**Instructions to follow**
The line with "合作社負(fù)責(zé)人" marks the first line to copy, and the line with "En punto de" marks the last. Transcribe that stretch of the data below exactly, without pictures.

**Dataset entries**
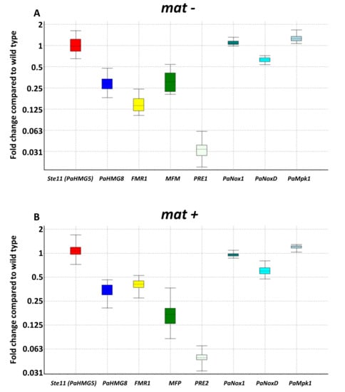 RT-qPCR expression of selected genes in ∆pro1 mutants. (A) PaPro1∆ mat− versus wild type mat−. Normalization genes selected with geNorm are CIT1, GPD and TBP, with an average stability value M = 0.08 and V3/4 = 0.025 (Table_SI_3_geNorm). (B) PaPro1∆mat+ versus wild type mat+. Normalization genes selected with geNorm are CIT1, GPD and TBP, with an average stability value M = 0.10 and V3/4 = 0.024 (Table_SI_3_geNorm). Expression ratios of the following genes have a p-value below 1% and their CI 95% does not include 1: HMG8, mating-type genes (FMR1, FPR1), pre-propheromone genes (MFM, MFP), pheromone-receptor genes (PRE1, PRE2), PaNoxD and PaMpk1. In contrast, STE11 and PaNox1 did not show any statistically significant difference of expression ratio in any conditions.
--
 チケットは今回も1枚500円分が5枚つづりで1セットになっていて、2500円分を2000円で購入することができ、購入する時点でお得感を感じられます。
---
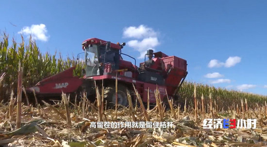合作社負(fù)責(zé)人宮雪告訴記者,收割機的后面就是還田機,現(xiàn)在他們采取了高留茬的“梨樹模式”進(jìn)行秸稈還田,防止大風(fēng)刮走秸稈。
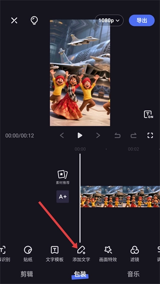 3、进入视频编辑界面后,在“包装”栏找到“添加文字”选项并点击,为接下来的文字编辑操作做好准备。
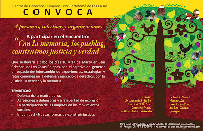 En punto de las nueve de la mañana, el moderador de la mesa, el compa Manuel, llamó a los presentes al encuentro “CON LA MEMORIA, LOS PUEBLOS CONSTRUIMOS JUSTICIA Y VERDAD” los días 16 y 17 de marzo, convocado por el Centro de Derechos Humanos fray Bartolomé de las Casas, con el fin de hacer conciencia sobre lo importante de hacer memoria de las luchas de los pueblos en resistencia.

**Answer below**
合作社負(fù)責(zé)人宮雪告訴記者,收割機的后面就是還田機,現(xiàn)在他們采取了高留茬的“梨樹模式”進(jìn)行秸稈還田,防止大風(fēng)刮走秸稈。
 3、进入视频编辑界面后,在“包装”栏找到“添加文字”选项并点击,为接下来的文字编辑操作做好准备。
 En punto de las nueve de la mañana, el moderador de la mesa, el compa Manuel, llamó a los presentes al encuentro “CON LA MEMORIA, LOS PUEBLOS CONSTRUIMOS JUSTICIA Y VERDAD” los días 16 y 17 de marzo, convocado por el Centro de Derechos Humanos fray Bartolomé de las Casas, con el fin de hacer conciencia sobre lo importante de hacer memoria de las luchas de los pueblos en resistencia.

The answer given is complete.